CO2 to Jet Fuel: A Decarbonisation Breakthrough for Aviation

A New Flight Path for Carbon

In a bold move that reimagines waste as resource, United Airlines has partnered with California-based Twelve to transform carbon dioxide into sustainable aviation fuel (SAF). This collaboration is not merely a financial transaction—it is a signal of a new industrial logic where emissions are not just managed but monetised for decarbonisation.

The Alchemy of Air and Energy

Founded in 2015, Twelve has engineered a process that uses renewable electricity to convert captured CO2 and water into essential fuels and chemicals. What stands out is the net-zero ambition built into its design. Unlike carbon offsetting schemes that neutralise emissions on paper, Twelve’s method targets emissions at the source, offering a circular economy alternative that closes the loop on carbon.

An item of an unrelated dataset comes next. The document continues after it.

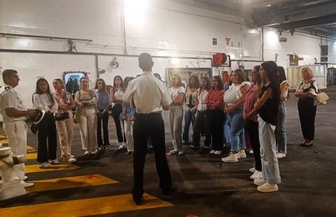 La visita, que forma parte del programa oficial y está más que consolidada desde hace años, ha sido posible una vez más gracias a la invitación de la Marina Española y la Marina Americana, que permiten que las jóvenes accedan al recinto militar para conocer parte de sus instalaciones y equipamiento.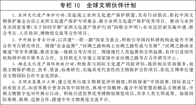 编制并实施“十四五”考古工作专项规划。系统确定考古发掘重点,深化中华文明探源工程,推进“考古中国”重大项目,科学阐释中国境内人类起源、文明起源、中华文明形成、统一多民族国家建立和发展、中华文明在世界文明史中的重要地位等关键问题,揭示中华文明的历史文化价值和核心特质。

Infrastructure Over Offsets

United Airlines has made this investment through its Sustainable Flight Fund, launched in 2023. The fund has already attracted over $200 million in commitments from key aviation and technology players. Instead of relying on offsets, the airline is investing in physical assets and technology that scale SAF production and infrastructure. This indicates a shift away from offset dependency towards proactive emissions elimination.

Scaling Innovation, Not Just Fuel

Twelve’s new facility—AirPlant One—is expected to produce 50,000 gallons of SAF annually starting this year. While modest by industry demand standards, its significance lies in being the first of its kind to commercialise power-to-liquid SAF at this scale. Think of it less as a refinery and more as a prototype for industrial decarbonisation hubs, potentially adaptable to ports, logistics terminals, or energy-intensive corridors.

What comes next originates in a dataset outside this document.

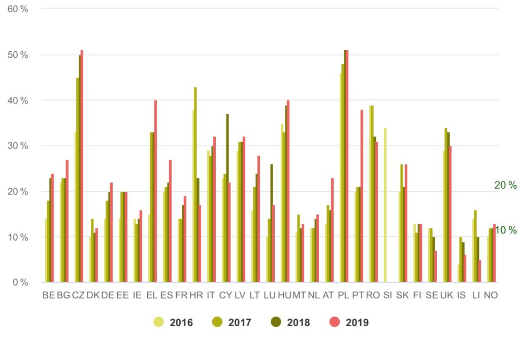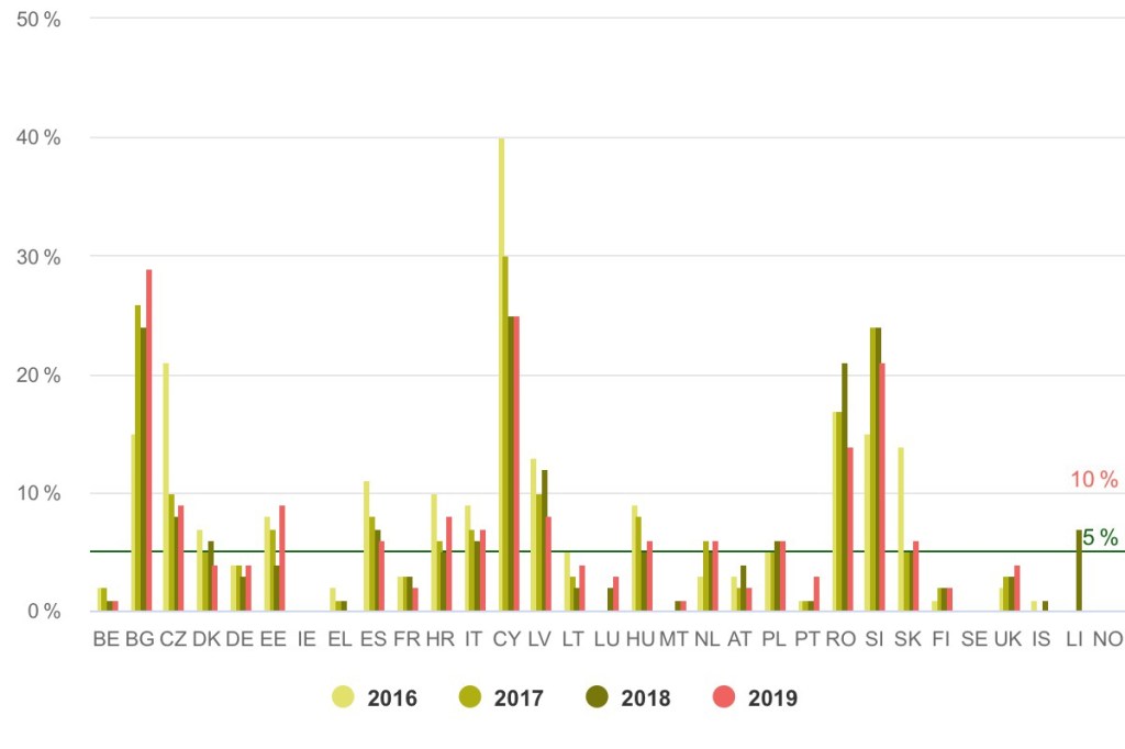Iako nesavršen [efn_note] Neke prijedloge za poboljšanje Single Market Scoreboarda vidi u ovoj studiji. [/efn_note], još uvijek je koristan alat za utvrđivanje općih trendova tržišnog natjecanja država članica ali i specifičnih tržišta poput javnonabavnog. Dobra vijest je da prema podacima novog posebnog javnonabavnog Scoreboarda [efn_note] Koji se temelji na podacima za 2019. [/efn_note] ima više država članica koje su u ”zelenom”, gdje je i dalje i Hrvatska. [efn_note] Ujedinjeno Kraljevstvo je i dalje prisutno u istraživanju budući da je riječ o podacima za 2019. [/efn_note]

The Strategic Value of Early Adoption

For airlines, SAF is not just about compliance. It is a hedge against volatile fossil fuel markets, an ESG differentiator, and a future revenue stream through carbon credit generation. By backing Twelve, United secures early access to next-gen SAF, positioning itself for cost advantages and regulatory readiness as mandates tighten across jurisdictions.

Collaboration as Competitive Advantage

This partnership also marks a shift in how airlines define competition. Rather than guarding intellectual property, United is leveraging cross-sector investment to accelerate system-wide innovation. With stakeholders like GE Aerospace and Google also contributing, the collaboration blends aviation legacy with Silicon Valley agility—an essential combination for rapid decarbonisation.

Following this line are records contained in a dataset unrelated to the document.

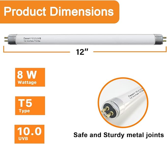 - 【T5 8W UVB 】Our T5 UVB bulb have Long lifespan of 10000 hours. For better performance, Replace the bulb every 6-9 monthes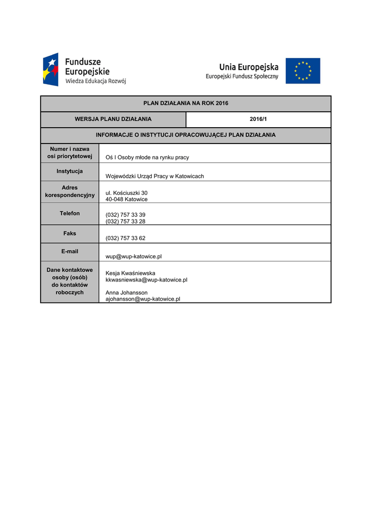 PLAN DZIAŁANIA NA ROK 2016 WERSJA PLANU DZIAŁANIA 2016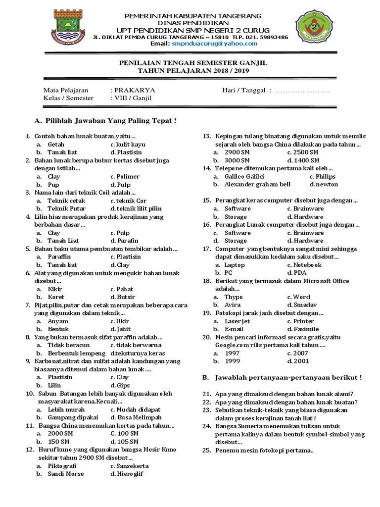 Soal Prakarya Kelas 8 Kerajinan Bahan Lunak Kami from imgv2-1-f.scribdassets.com Check spelling or type a new query. We did not find results for: Silabus prakarya kelas 8 kerajinan bahan lunak. Maybe you would like to learn more about one of these?

Redefining What Is Feasible

Nicholas Flanders, CEO of Twelve, highlighted that this transition marks the shift from “innovation to implementation.” It is a sentiment echoed across the climate tech world: that the time for pilot projects has passed. What matters now is operationalising low-carbon technologies. The emerging narrative is no longer one of scarcity, but of strategic deployment.

Conclusion: SAF as a Symbol of System Change

The collaboration between United and Twelve is about more than fuel. It exemplifies a systemic pivot in aviation—one that values permanence over offsets, physical transformation over reputational management, and collaboration over isolated innovation. It is a step towards an aviation sector where emissions reduction is embedded, not appended.

As this model is replicated and scaled, it offers valuable lessons across the transport chain. Investments like these show that sustainability can be engineered—not just promised.